**YOUR INSTRUCTIONS**
Where an image appears in the data, omit it and reproduce the rest exactly.
**********
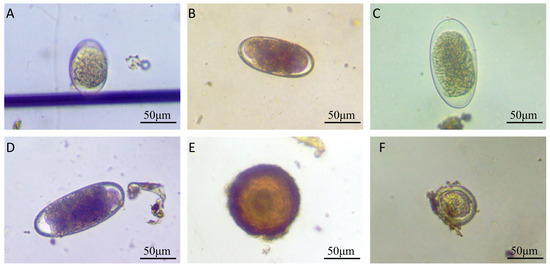 Morphological characteristics of gastrointestinal parasite eggs or oocysts in horse feces. (A) Strongyle egg (88 μm × 56 μm); (B) strongyle egg (109 μm × 50 μm); (C) Triodontophorus-like egg (124 μm × 62 μm); (D) Triodontophorus-like egg (132 μm × 56 μm); (E) Parascaris equorum egg (112 μm × 109 μm); (F) Eimeria spp. oocyst (62 μm × 59 μm).
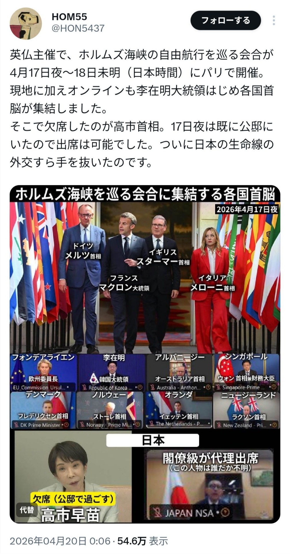 | … | 49無念Nameとしあき26/04/23(木)18:54:16No.1402885414そうだねx2>そもそも首相動静とかいってオールドメディアがストーキングしてるのおかしいだろ |
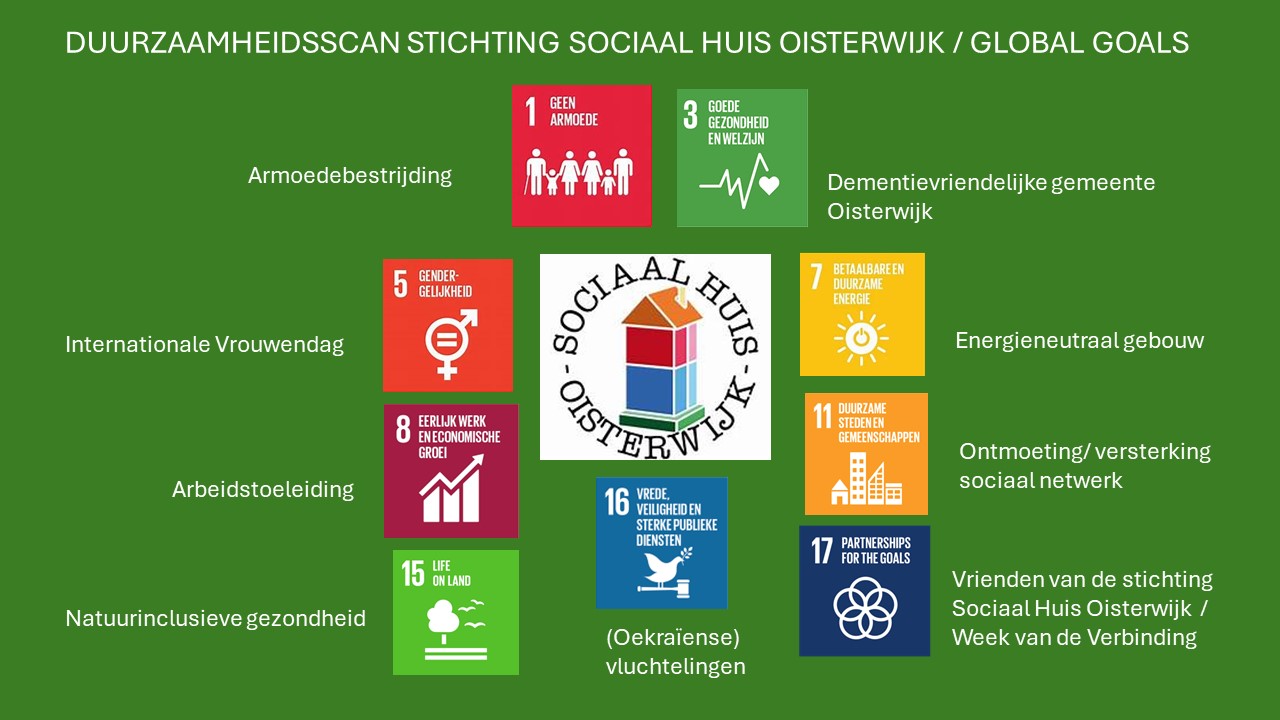 Stichting Sociaal Huis Oisterwijk maakt deel uit van het Global Goals Genootschap Oisterwijk en draagt op haar manier een steentje bij aan een duurzame ontwikkeling voor de inwoners van de gemeente Oisterwijk.
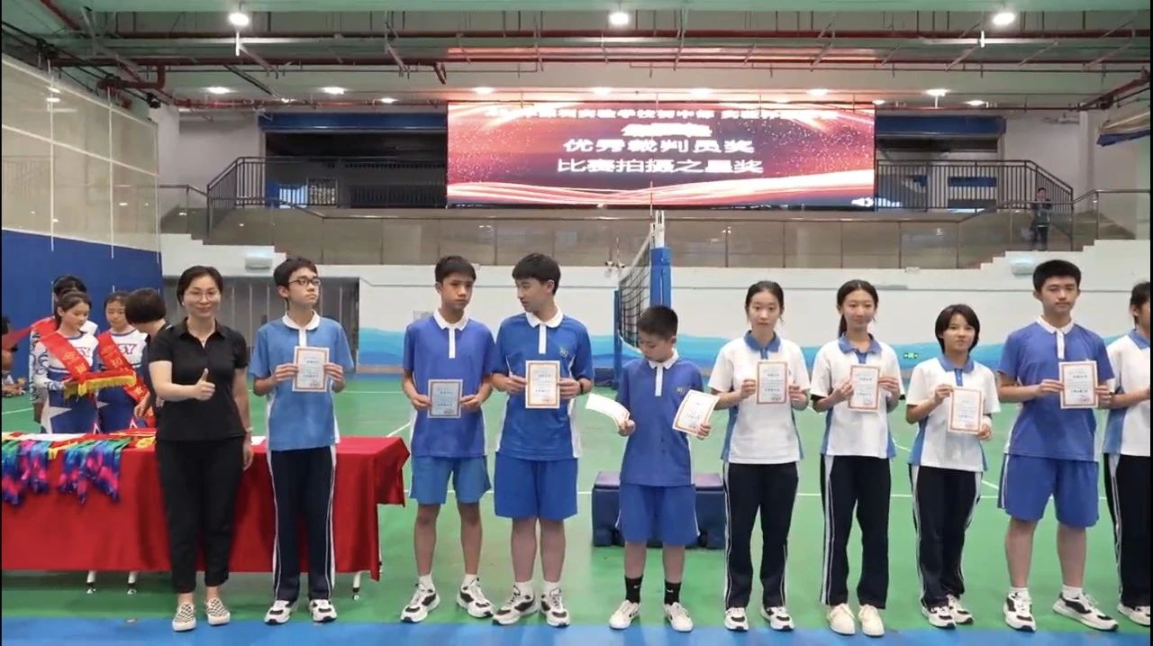 初中部为本次比赛获奖班级和个人举行隆重的颁奖仪式,让参赛同学感受比赛的成功喜悦和体育赛事的高光时刻。颁奖仪式上,初中部海豚啦啦操队的表演让现场气氛热烈激昂,充满青春气息。
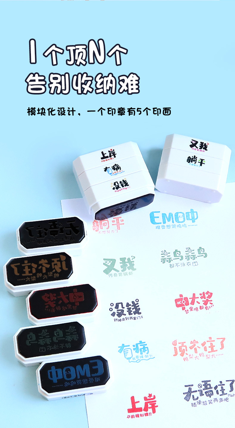핸드북 텍스트 체크인 스탬프, 생활 기분 스탬프, 5가지 기능이 모두 포함된 빌딩 블록, 핸드북 일기 장식스토어 가기
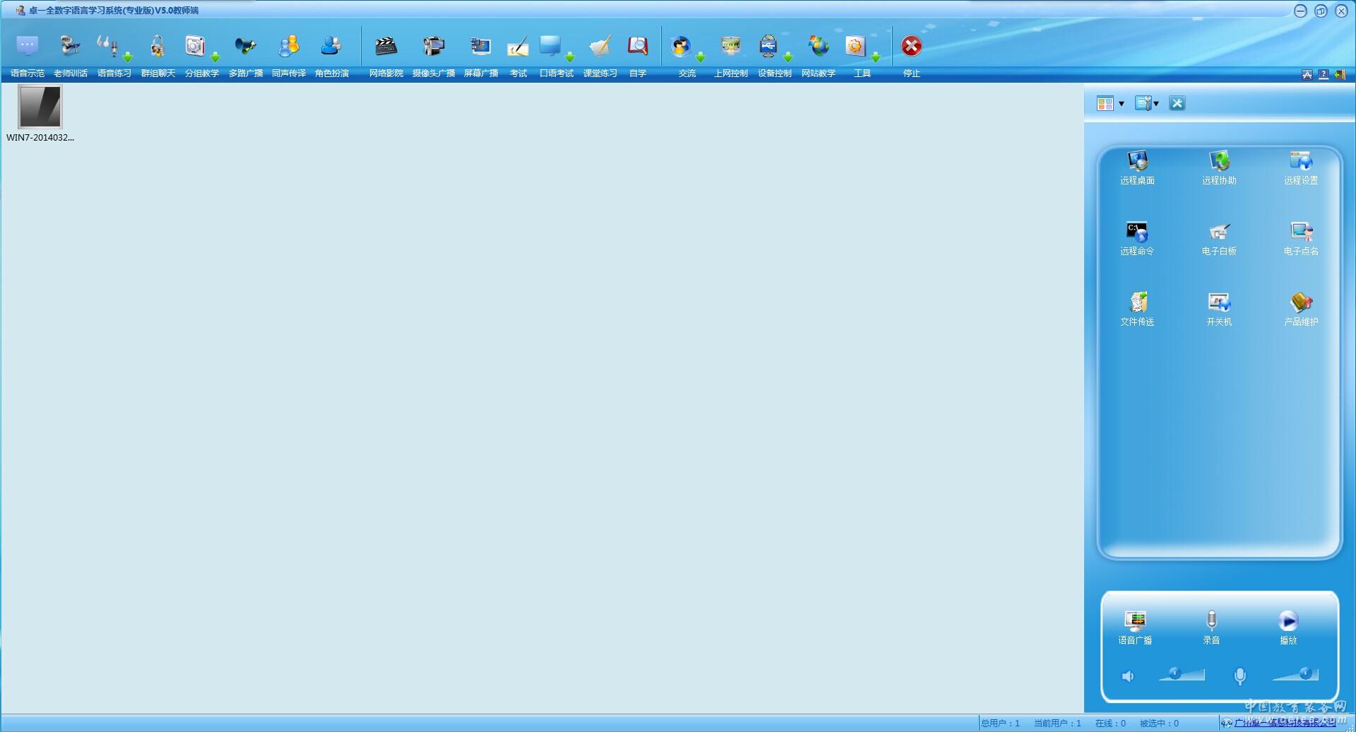 -------------------------------------------------------------------------------- 產品特點 語音示范 教師訓話 師生對講 指定發言 儲存聲音 復讀練習 語音比較 群組聊天 多路廣播 同聲傳譯 角色扮演 網絡影院 屏幕廣播 綜合考試 口語考試 課堂練習 上網控制 信息交流 網站教學 視頻教學 遠端登錄 遠端卸載 遠程桌面 遠程協助 遠程設置 遠程命令 電子白板 文件傳送 語音廣播 遠程維護 班級模型 學生轉播 指定上線 指定下線 顯示面板 隱藏面板 自主學習 定義模板 設備控制 |
**********
**WRITTEN SOLUTION**
 Morphological characteristics of gastrointestinal parasite eggs or oocysts in horse feces. (A) Strongyle egg (88 μm × 56 μm); (B) strongyle egg (109 μm × 50 μm); (C) Triodontophorus-like egg (124 μm × 62 μm); (D) Triodontophorus-like egg (132 μm × 56 μm); (E) Parascaris equorum egg (112 μm × 109 μm); (F) Eimeria spp. oocyst (62 μm × 59 μm).
 | … | 49無念Nameとしあき26/04/23(木)18:54:16No.1402885414そうだねx2>そもそも首相動静とかいってオールドメディアがストーキングしてるのおかしいだろ |
 Stichting Sociaal Huis Oisterwijk maakt deel uit van het Global Goals Genootschap Oisterwijk en draagt op haar manier een steentje bij aan een duurzame ontwikkeling voor de inwoners van de gemeente Oisterwijk.
 初中部为本次比赛获奖班级和个人举行隆重的颁奖仪式,让参赛同学感受比赛的成功喜悦和体育赛事的高光时刻。颁奖仪式上,初中部海豚啦啦操队的表演让现场气氛热烈激昂,充满青春气息。
핸드북 텍스트 체크인 스탬프, 생활 기분 스탬프, 5가지 기능이 모두 포함된 빌딩 블록, 핸드북 일기 장식스토어 가기
 -------------------------------------------------------------------------------- 產品特點 語音示范 教師訓話 師生對講 指定發言 儲存聲音 復讀練習 語音比較 群組聊天 多路廣播 同聲傳譯 角色扮演 網絡影院 屏幕廣播 綜合考試 口語考試 課堂練習 上網控制 信息交流 網站教學 視頻教學 遠端登錄 遠端卸載 遠程桌面 遠程協助 遠程設置 遠程命令 電子白板 文件傳送 語音廣播 遠程維護 班級模型 學生轉播 指定上線 指定下線 顯示面板 隱藏面板 自主學習 定義模板 設備控制 |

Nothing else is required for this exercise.